Dr Konstantinos Koufos, senior research fellow at WMG, commented, “While the Open Innovation Vehicle Platform was driven by a human driver, the calculated trajectory, including speed and steering, of a hypothetical vehicle using the combined perception was visualized in real time on the in-vehicle monitors. This allowed the passengers to compare the trajectory of the hypothetical (or ghost) vehicle with the actual trajectory of the human-driven vehicle. Key performance indicators (KPIs) associated with road safety and passenger comfort were also calculated and compared during the merging maneuver. The next major step would be to engage the calculated trajectory of the ghost vehicle with the drive-by-wire system of the Open Innovation Vehicle Platform.”

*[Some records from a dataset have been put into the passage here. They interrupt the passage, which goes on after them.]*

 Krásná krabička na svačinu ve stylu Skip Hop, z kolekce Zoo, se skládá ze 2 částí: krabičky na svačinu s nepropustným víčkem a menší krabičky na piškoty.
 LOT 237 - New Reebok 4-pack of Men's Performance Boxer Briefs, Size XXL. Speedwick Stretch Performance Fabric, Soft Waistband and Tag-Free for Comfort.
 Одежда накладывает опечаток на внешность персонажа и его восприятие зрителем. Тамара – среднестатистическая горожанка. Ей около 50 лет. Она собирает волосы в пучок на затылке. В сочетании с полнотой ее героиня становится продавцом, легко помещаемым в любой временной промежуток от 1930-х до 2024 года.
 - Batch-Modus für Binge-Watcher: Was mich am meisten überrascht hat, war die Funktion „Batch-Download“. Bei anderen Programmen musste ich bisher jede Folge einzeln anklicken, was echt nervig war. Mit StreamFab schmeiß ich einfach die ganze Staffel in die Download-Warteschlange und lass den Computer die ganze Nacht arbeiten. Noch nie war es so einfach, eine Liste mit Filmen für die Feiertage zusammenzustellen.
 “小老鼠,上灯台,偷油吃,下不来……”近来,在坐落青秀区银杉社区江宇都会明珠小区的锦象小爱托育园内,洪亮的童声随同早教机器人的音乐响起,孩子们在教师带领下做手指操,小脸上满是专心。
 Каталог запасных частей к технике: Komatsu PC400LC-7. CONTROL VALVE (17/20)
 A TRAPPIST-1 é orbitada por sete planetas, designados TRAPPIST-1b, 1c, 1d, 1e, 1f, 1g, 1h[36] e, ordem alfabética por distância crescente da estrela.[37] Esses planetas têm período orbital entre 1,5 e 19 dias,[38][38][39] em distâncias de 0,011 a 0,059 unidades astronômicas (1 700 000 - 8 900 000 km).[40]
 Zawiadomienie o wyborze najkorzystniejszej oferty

Jet Feng, a project engineer at WMG, explained, “The roadside perception including the locations, speed and steering angle of motorway vehicles, was continuously broadcast (in the form of collective perception messages (CPMs)) and received by the vehicle’s onboard communication unit (OBU) on the Open Innovation Vehicle Platform while approaching the merging point of the junction. The received information was then combined with the onboard perception to improve the overall understanding of the environment and was visualized in real time via a bird’s eye view map of the junction, allowing the passengers to observe road traffic objects along the M40, which were not otherwise visible due to occlusions.”